We noted the rather inconsistent performance of GPT-3.5-Turbo across different sample fractions. However, we are unable to draw conclusions as we don’t have any visibility into OpenAI’s internal training method.
Access our experiments in our GitHub repository
All of our experiments and scripts to fine-tune these LLMs are available on our LLM-Tuning-Hub. The repository is organized by each model we tested. In each folder, the results from our benchmarks as well as the code that does the fine-tuning and inference can be viewed. These scripts can be used as a starting point for custom experimentation.
Conclusion
In this blog post, we believe that we have demonstrated that:
- Smaller open-access models may be able to compete with commercial offerings out-of-the-box: With the refinement of training and alignment techniques, we believe there is an increasing number of smaller models that show promising results when compared to closed-source commercial LLMs.

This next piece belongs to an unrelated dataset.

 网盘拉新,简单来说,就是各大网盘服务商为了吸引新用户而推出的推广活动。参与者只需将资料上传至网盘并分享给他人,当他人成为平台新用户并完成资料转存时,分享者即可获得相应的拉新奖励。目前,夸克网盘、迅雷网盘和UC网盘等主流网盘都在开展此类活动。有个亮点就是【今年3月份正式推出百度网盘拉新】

- Fine-tuning can substantially enhance performance: Across all models, fine-tuning with techniques like QLoRA appeared to significantly improve performance and domain adaptation. In the case of summarization and classification tasks, we believe all models showed a marked improvement in performance metrics after fine-tuning, indicating that these models can adapt well to specific styles and requirements of a given task.
- Smaller models are viable choices for domain-specific tasks after fine-tuning: For practitioners who seek a balance between performance and resource constraints, our view is that fine-tuning smaller models like Mistral-7B, Zephyr-7B, or Llama-2–7B with specific datasets can yield results that are on par with, and sometimes even surpass, untuned commercial models. This approach also appears to result in faster inference times and reduced computational costs.
Thanks to open source resources, it is easier to experiment with open-source LLMs. Developers can host LLMs on their own, or tweak the behavior of the models using their own data.
When it comes to choosing which model to use for fine-tuning, we suggest trying out smaller models first for simpler natural language processing tasks such as summarization — something a lot of the models already do well out-of-the-box. For more complex tasks or when you have limited training samples, bigger models may be a helpful first step.
Lastly, if you’d like to know more about what we’ve learned about LoRA parameter settings — levers that can be used to potentially get more performance out of the models — we will share more tips in an upcoming blog post.